The CCRC concept isn't new, but what sets Mirabella Portland apart are its green design features, dense urban setting, transportation link and affiliation with Oregon Health & Science University.
It's built on a reclaimed brownfield site, uses solar power to heat water, sends storm water through a green roof and bio-swales and reduces irrigation by using native plants in the landscaping, among other features.
It's part of the North Macadam Urban Renewal Area, and its neighbors include the Portland Aerial Tram and three other high-rise condo and apartment towers.
The Portland Streetcar runs past the front door, providing convenient rides to downtown shopping, galleries and shows. While most residents still have cars, many rarely use them and cite the streetcar as a favored feature.
Oregon Health & Science University's Center for Health and Healing is across the street, allowing easy access to doctor appointments. The center's pharmacy delivers prescriptions directly to Mirabella. Some residents take part in OHSU aging research projects.
Mirabella isn't cheap. Residents commonly pay an entrance fee that ranges from a minimum of $260,000 up to $600,000 or $700,000, depending on the size and style of apartment. The entrance fee is 90 percent returnable to residents' estates. Most residents sell their homes to come up with the entrance fee. In addition, residents pay a monthly fee of $3,500 to $4,200, plus $854 for a second person. The fee covers complimentary short-stay nursing care and discounted long-term care. It also covers utilities, housekeeping, parking, security and up to 30 meals per month per person in one of Mirabella's four restaurants.
Despite the cost, Mirabella will reach 95 percent occupancy by the end of January, and 300 prospective residents have paid $1,000 to get on the waiting list.

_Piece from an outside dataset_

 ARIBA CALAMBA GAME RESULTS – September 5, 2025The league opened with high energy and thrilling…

The urban renewal site that includes Mirabella is planned to eventually have 5,000 residents and 10,000 jobs, said Geraldene Moyle, senior project manager with the Portland Development Commission, which oversees the district. As the only retirement center planned, it diversifies the area, Moyle says.
"While it was under construction we'd get calls all the time," she says. "I'm not surprised it filled up quickly."

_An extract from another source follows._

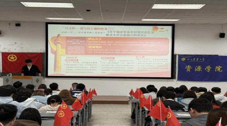 为深入学习贯彻全国两会精神,深刻领会中央一号文件核心内涵,引导广大团员青年厚植家国情怀、勇担兴农使命,传承百廿川农精神与雷锋精神,3月31日下午,资源学院团委直属部门流动团支部、研究生流动团支部、资环202404班团支部、地理202402班团支部、地理202503班团支部、资环202505班团支部面向资源学院全体同学开展“感悟两会精神,喜迎百廿芳华”示范性主题班团活动。共150余名师生相聚学习。

Paula Carder, a Portland State University gerontologist, says Mirabella is part of a national trend in retirement living.
"Transportation and activities," she says, "and close to health care."
The building's sustainability features appeal to seniors, she says.
"I think often times the focus on green living and recycling tends to be about younger people, but certainly older people can be seen as stewards," she says. "They want the world to be a better place for their children and grandchildren."
Riepma, the Pacific Retirement Services senior vice president, says Mirabella Portland is a highlight of his 33 years of building retirement communities.
"Of all my endeavors, this one turned out remarkably well," he says. "This is surely not my grandparents' old folks home."